■ **Work required**:
Below is a block of records; reproduce all of them exactly and leave out any pictures.

■ **Entries taken from a collection**:
%%

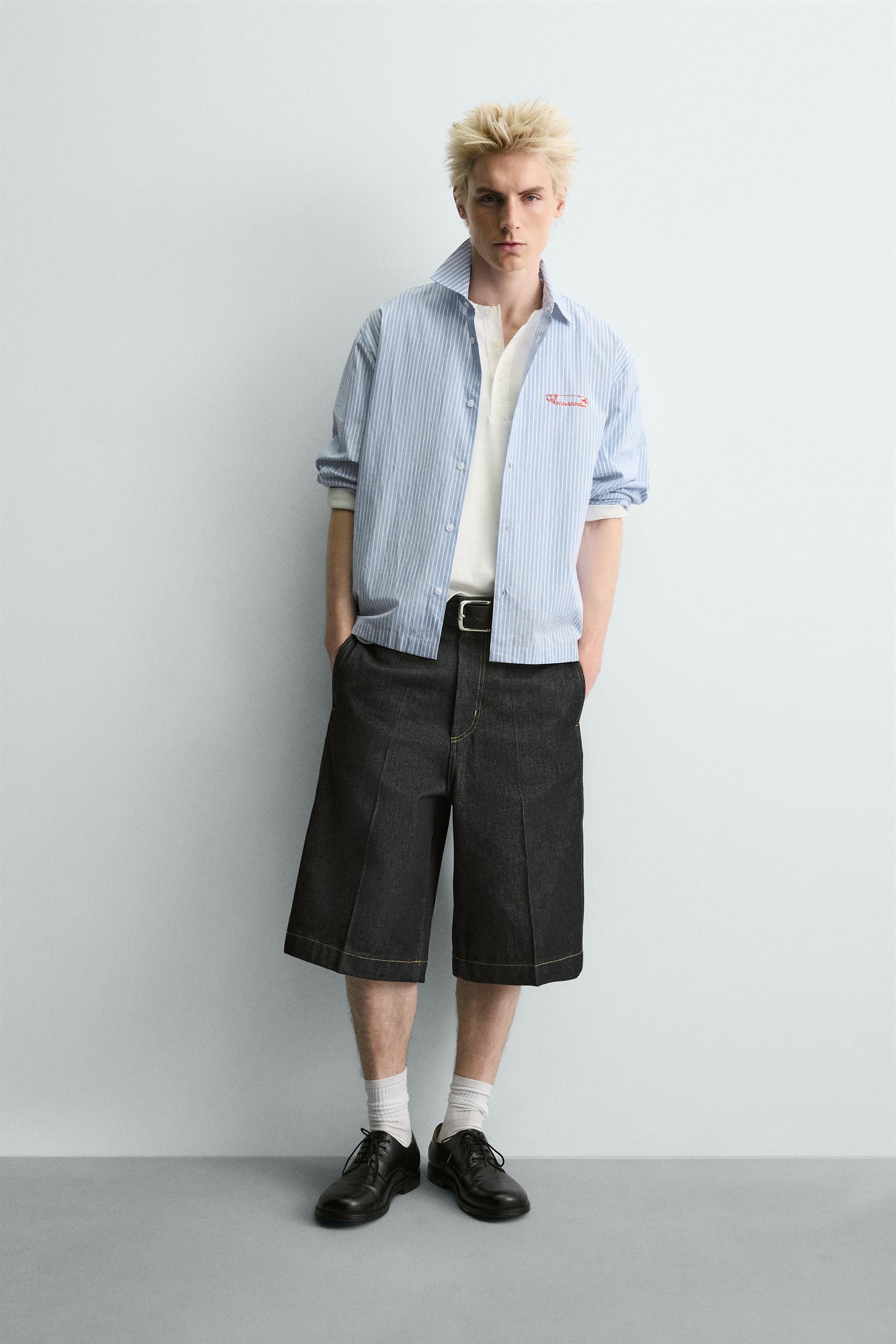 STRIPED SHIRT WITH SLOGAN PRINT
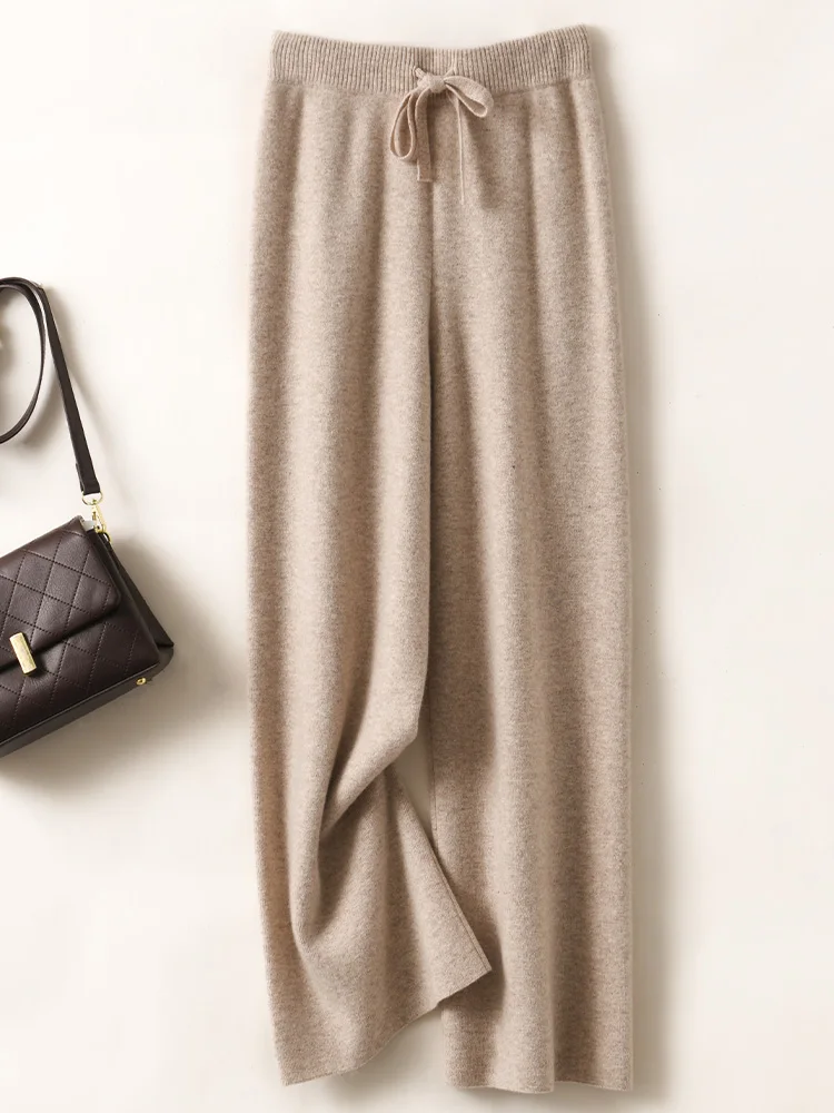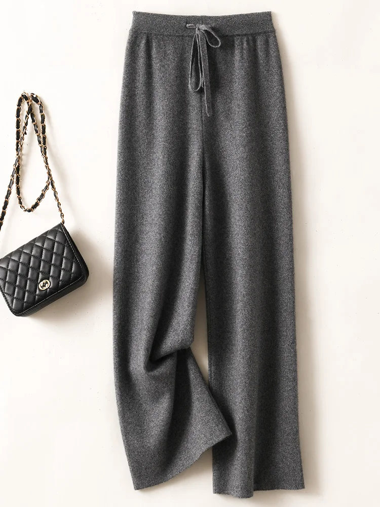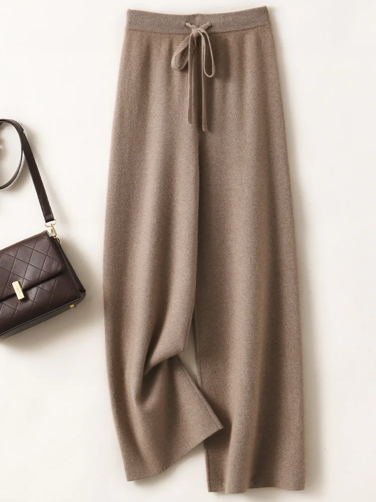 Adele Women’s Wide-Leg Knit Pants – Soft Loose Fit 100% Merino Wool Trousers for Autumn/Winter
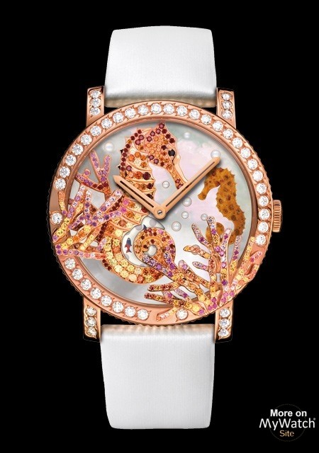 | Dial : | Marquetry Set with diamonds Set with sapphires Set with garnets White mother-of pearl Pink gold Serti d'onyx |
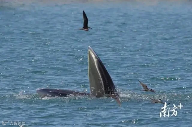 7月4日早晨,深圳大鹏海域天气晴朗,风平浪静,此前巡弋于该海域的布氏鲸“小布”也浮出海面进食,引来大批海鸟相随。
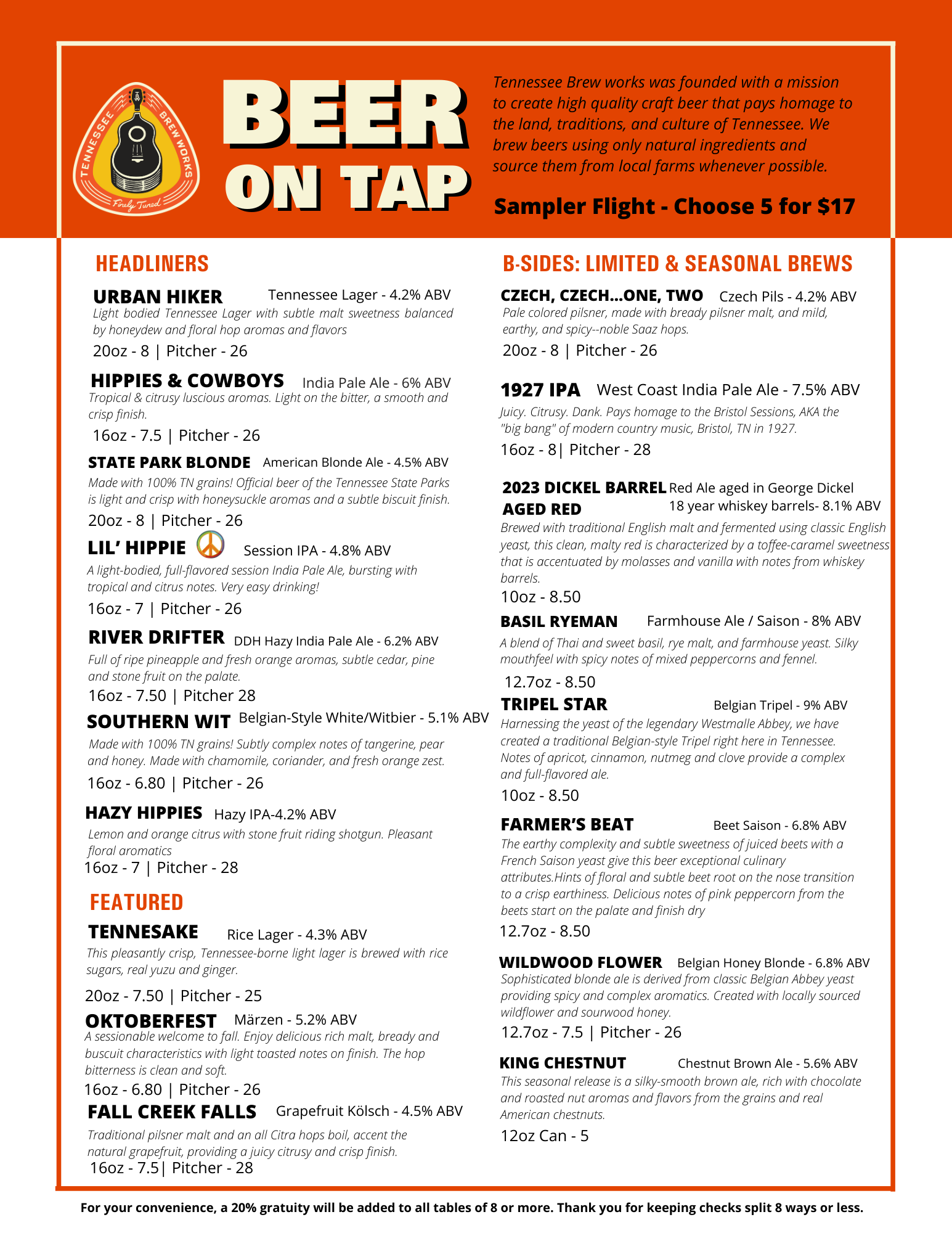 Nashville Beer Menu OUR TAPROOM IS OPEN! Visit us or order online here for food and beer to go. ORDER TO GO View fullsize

%%

■ **Written reply**:
 STRIPED SHIRT WITH SLOGAN PRINT
 Adele Women’s Wide-Leg Knit Pants – Soft Loose Fit 100% Merino Wool Trousers for Autumn/Winter
 | Dial : | Marquetry Set with diamonds Set with sapphires Set with garnets White mother-of pearl Pink gold Serti d'onyx |
 7月4日早晨,深圳大鹏海域天气晴朗,风平浪静,此前巡弋于该海域的布氏鲸“小布”也浮出海面进食,引来大批海鸟相随。
 Nashville Beer Menu OUR TAPROOM IS OPEN! Visit us or order online here for food and beer to go. ORDER TO GO View fullsize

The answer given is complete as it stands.